Not just an Old World skill.  Blacksmiths were the foundation that built this country.  If you needed anything made of metal, you went to the blacksmith.  Everything from nails to build your house to guns to protect yourself.  They were the original machinists and some of the work they did was quite amazing given the tools they had to work with.  

They were still quite common until after WW2.  We still have a few around, mostly  artist- blacksmiths.  I have a small shop for my own personal use.  It is highly gratifying to be able to turn a rusty old piece of iron into a useful product.


----------



## markknx (Mar 30, 2015)

Would love to learn this art.


----------



## RJSakowski (Mar 30, 2015)

markknx said:


> Would love to learn this art.


There are a number of good books on the subject.  A local technical school or community college may offer courses as well.

It does not take a lot of expense to start.  I have seen coal fire forges made from old wheel rims and you can use charcoal if you can't or don't want to  to use coal.  An anvil can be as simple as a block of iron from a local scrap dealer.  Many have been built of railroad rail.  I have a very nice railroad anvil that I made almost forty years ago in my basement which I use for sheet metal work .  A cross pein hammer, about two to three lbs., and a ball pein, about 16 to 24 oz., will suffice at first.  Vice grips can work as tongs until you acquire proper smithing tongs.

One of the beauties of blacksmithing is that you can make your own tools.  I have made hammers, tongs, several anvils, punches, chisels, anvil hardies, and a myriad of special tools.  

Blacksmiths are surpassed only by foundry-men in their ability to convert scrap into useful products.


----------



## markknx (Mar 30, 2015)

Yes I have Played  a little and get the basics, like making holes and what not. but I thought coal or Coke where required, and getting coal or coke in the small amounts I would need in my area seems to be hard.
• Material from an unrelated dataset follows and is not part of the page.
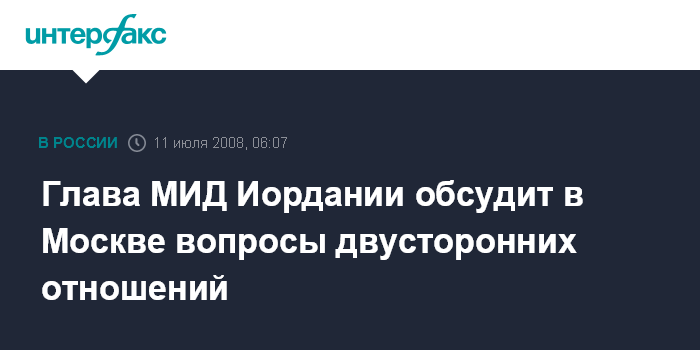Москва. 11 июля. ИНТЕРФАКС - Подготовку предстоящего визита в Россию короля Иордании Абдаллы Второго обсудит в пятницу в Москве глава иорданского МИД Салахеддин аль-Башир, прибывший в четверг в российскую столицу.
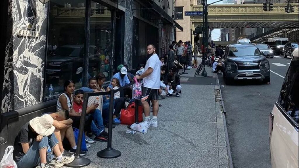 Migrantes que llegaron recientemente a Nueva York, Estados Unidos, enfrentan una complicada situación, ya que debido a la falta de camas y espacio para su albergue, no les queda de otras que dormir en los buses y calles de Manhattan.

I have a small blower, a piece of RR rail. I have a few RR spikes I was going to try to make a Knife from one.
The rim thing just fill the rim with your fuel?
Thanks
Mark


----------



## pebbleworm (Mar 30, 2015)

Here's my local blacksmith in San Francisco:
http://renaissanceforge.com/
He was able to hammer weld a crack in wrought iron bicycle frame from 1869 and get the machine back on the road.  Like almost all of the local blacksmiths he is more at the artistic end than the repair, but he was honestly excited about working on that old bike.   For learning the trade, there are classes and shop time available at the Crucible in Oakland:
http://thecrucible.org/


----------



## RJSakowski (Mar 30, 2015)

markknx said:


> Yes I have Played  a little and get the basics, like making holes and what not. but I thought coal or Coke where required, and getting coal or coke in the small amounts I would need in my area seems to be hard. I have a small blower, a piece of RR rail. I have a few RR spikes I was going to try to make a Knife from one.
> The rim thing just fill the rim with your fuel?
> Thanks
> Mark


Charcoal was used for centuries before coal came into use.  Charcoal briquets should work fine.  You might have some difficulty getting to a good forge welding heat but otherwise, no problems.  

A forge has a firepot (the rim) and a source of forced air.  The rim is not ideal since the steel will burn with continued use. I have also seen differential covers from large truck used as a firepot. Cast iron works better and many commercial firepots are made from it.  You can also make a firepot from fire  brick.  Keep in mind that sparks fly from blacksmithing activities.  If you are not working outdoors, make sure you do not have flammables nearby and that you have a fire extinguisher close by.  Coal fires also generate obnoxious smoke.  Not good if you are in a residential neighborhood.  Many modern blacksmiths use gas forges.  They are cleaner to operate and more portable.  They are not well suited for forge welding however.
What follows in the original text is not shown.